Few states in the USA can boast of a sports history as proud as Texas. Texas teams and athletes rank near the top of the nation in their respective sports at all levels of competition. Even professional teams from other regions find a disproportionate number of their athletes hail from Texas itself or from a Texas college. Even the small schools in Texas can produce athletes who absolutely dominate their sport, such as Texas Tech’s own Wes Welker. That’s not even accounting for the long storied history of the Dallas Cowboys, or the recent surge of the Houston Texans. Outside of football, this trend continues with the Dallas Mavericks, the Texas Rangers, and the Dallas Stars.
Professional and college sports teams in Texas have their own sports medicine and training staffers to help them deal with injuries and rehab for their players. To an amateur athlete in Texas, sports medicine can be a bit of a mystery.
The truth about sports is that even though they can be great for your body, injuries are practically a given. This is true even with non-obvious sports. Football and wrestling stand out as obvious sports for injury, but they are far from the only way someone can incur the need for Texas sports medicine. Golfers and tennis players suffer repetitive motion strain that can cause very real pain, and recreational runners can injure themselves on rough ground. Texas sports medicine is as integral a part of sports as competition itself.
This mystery is compounded by the human tendency to play doctor and assume you know more about medicine than you do. It’s hard for a high school student or parent to know the difference between an ankle sprain and a high ankle sprain. Nor do many know the effects either injury could have on an athlete’s career in sports. The results of mistreatment by a well-intentioned but uninformed amateur can be disastrous, though.

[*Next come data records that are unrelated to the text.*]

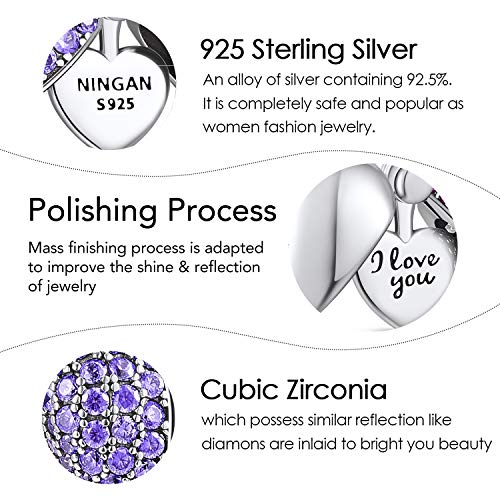 More information about NINGAN “I Love You” Dangle Charm Love Heart Pendant Bead for Women Wife Mom Daughter Friends with 5A Cubic Zirconia for Charm Bracelets in 925 Sterling Silver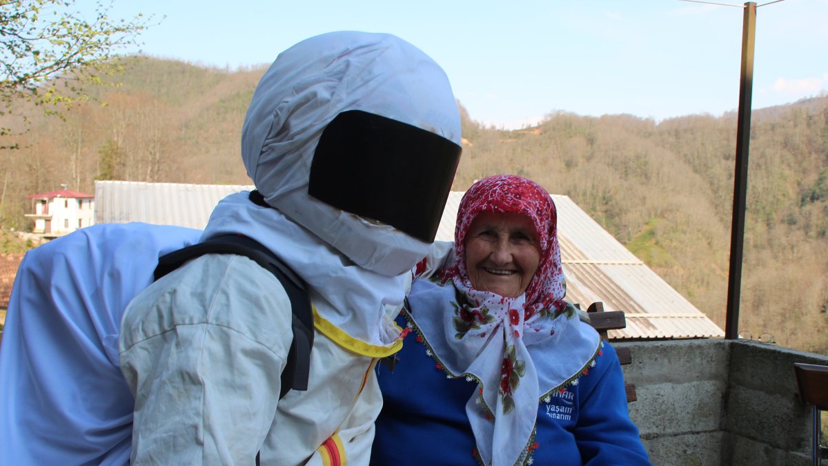 Rize'de Filika dergisi editörleri Mehmet Akif Sipahioğlu (25), Hilal Çayırcı (25), Seher Veziroğlu (24) ve Hacer Altoprak (23), kıl çorap ve lastik ayakkabı ile arıcı kıyafeti ve beyaz bezle sarılı motosiklet kaskı takarak kendilerini astronota benzetti.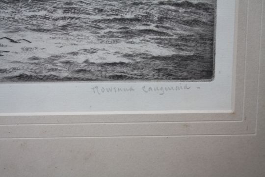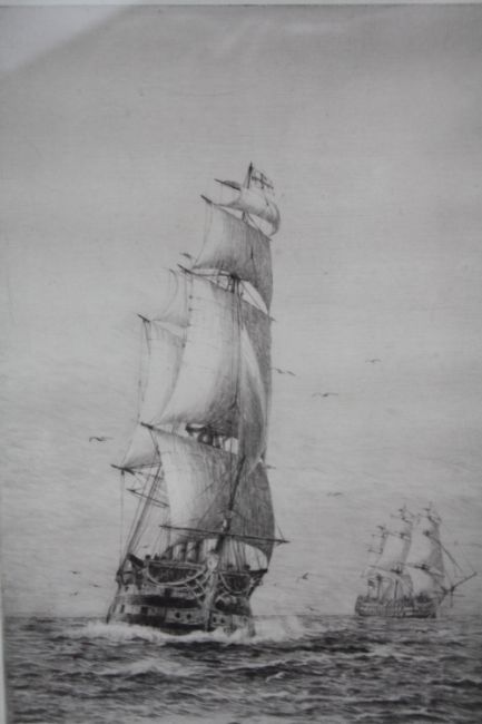 ROWLAND JOHN ROBB LANGMAID (1897-1956). 'H.M.S. Victory & Temeraire' see label verso, signed in pencil lower right, etching on paper, framed and glazed, 32 x 22 cm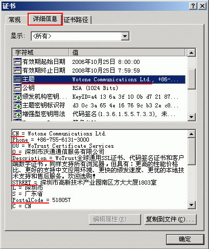 如下图所示,可以看出:比一般的代码签名证书多了 Phone、Description、Street和PostalCode字段。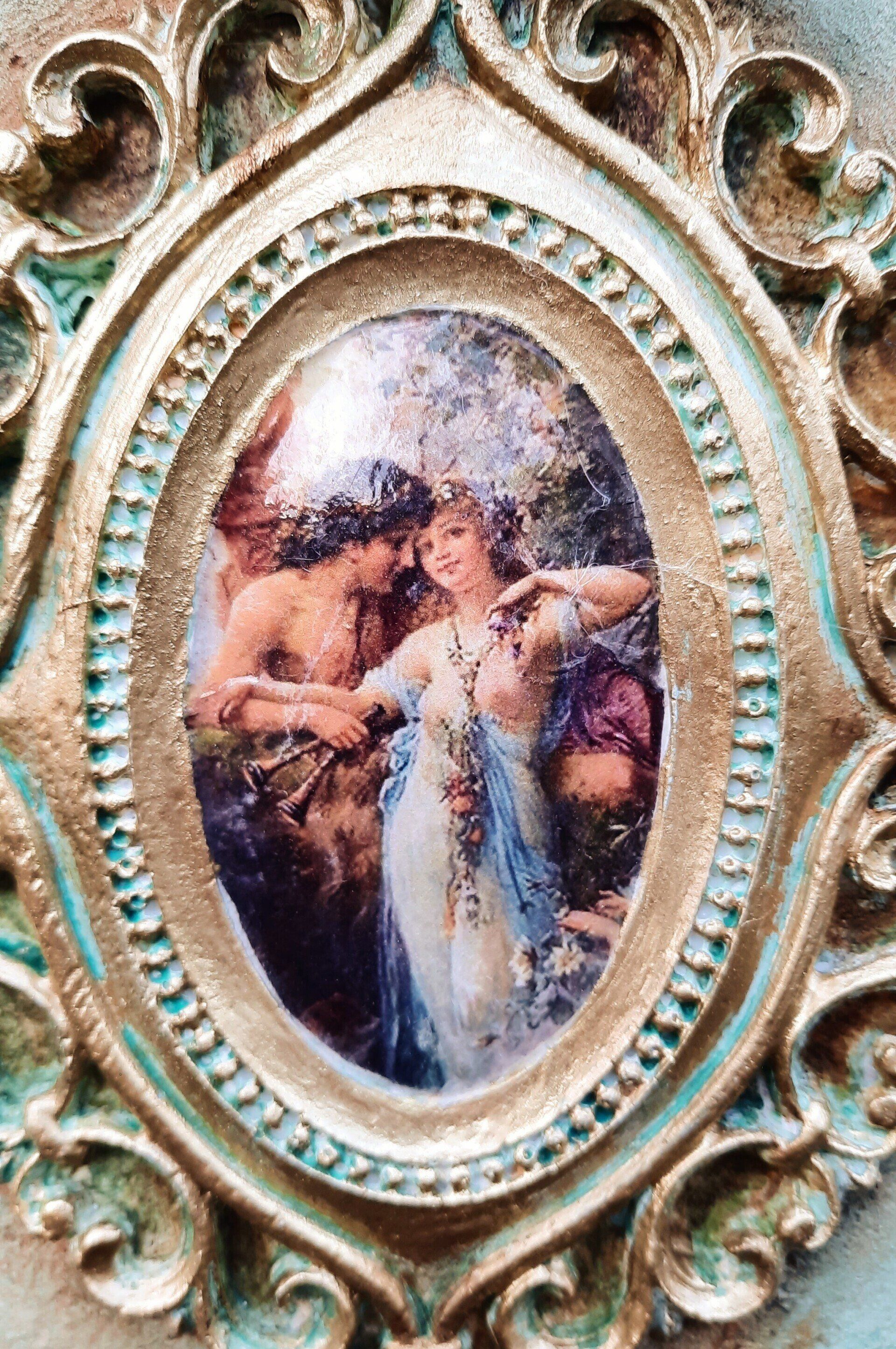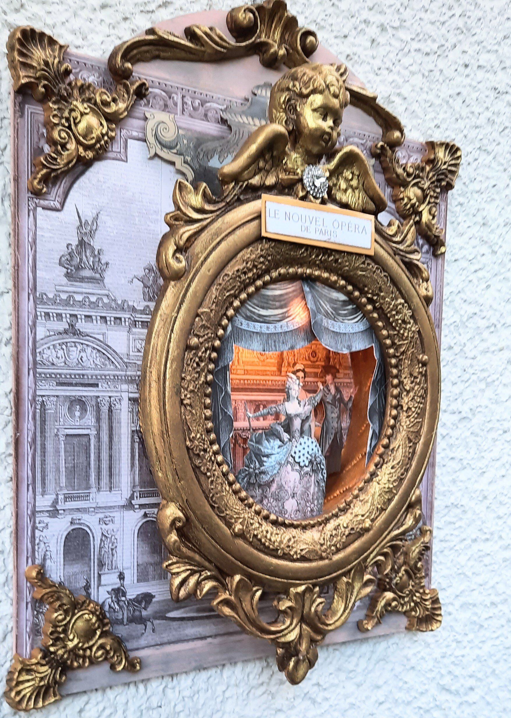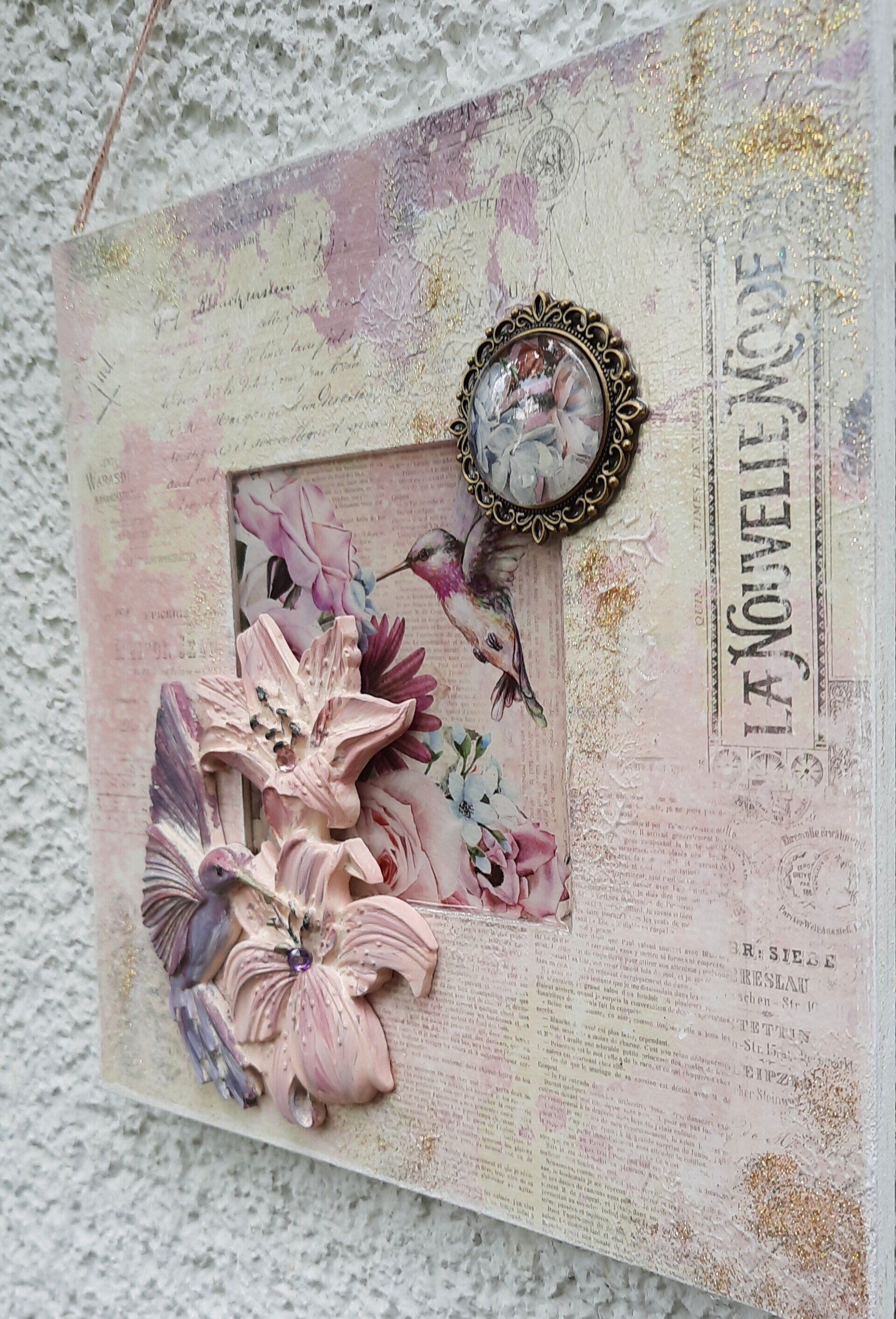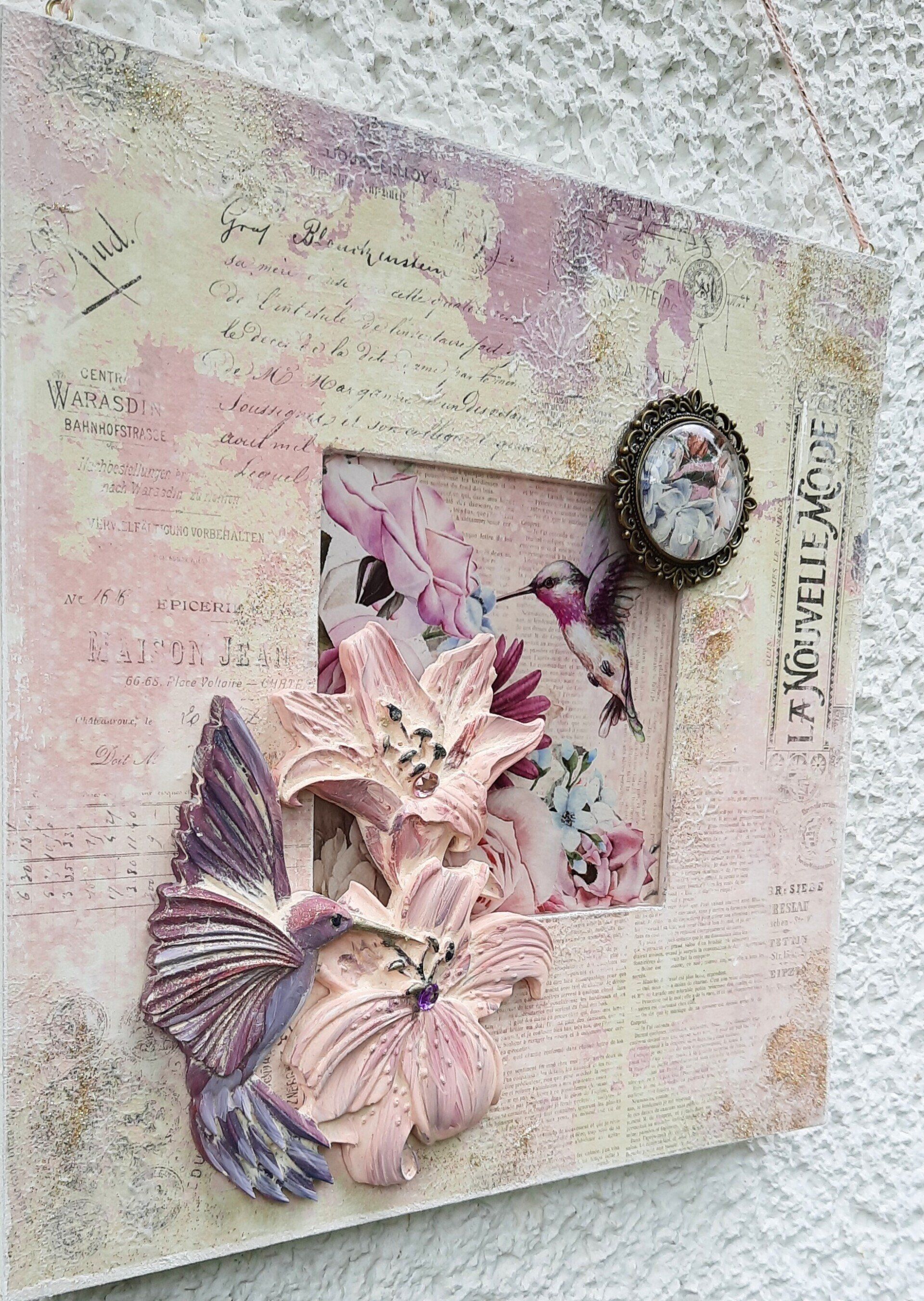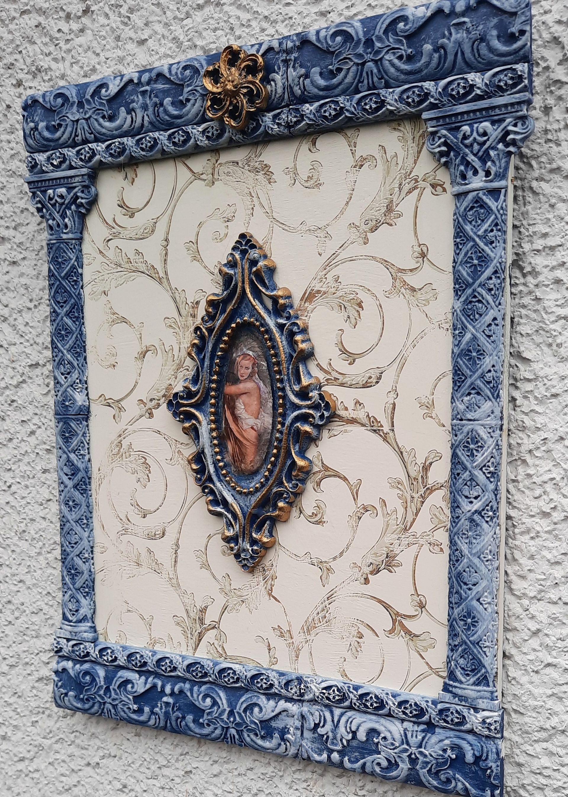 Romantisches Deko Bild aus 2 Holzrahmen aufwändig gestaltet, teilweise mit Resin überzogen, ca.35x40cm - 35,-€ auf Anfrage

Athletes have a temptation to tough it out and walk it off. And while this temptation and drive can help them play through pain, it can cause them to miss the important medical treatment they need. This can even be made worse if the athlete has the trademark Texas toughness. Even the toughest athletes will sometimes need Texas sports medicine care to continue in their sport of choice.
Orthopedics and Texas sports medicine can even help non-athletes deal with repetitive strain injuries or spinal damage. Rehab can help someone with a torn ACL while going through a walk just as much as it can help the running back who took a tackle at the wrong angle.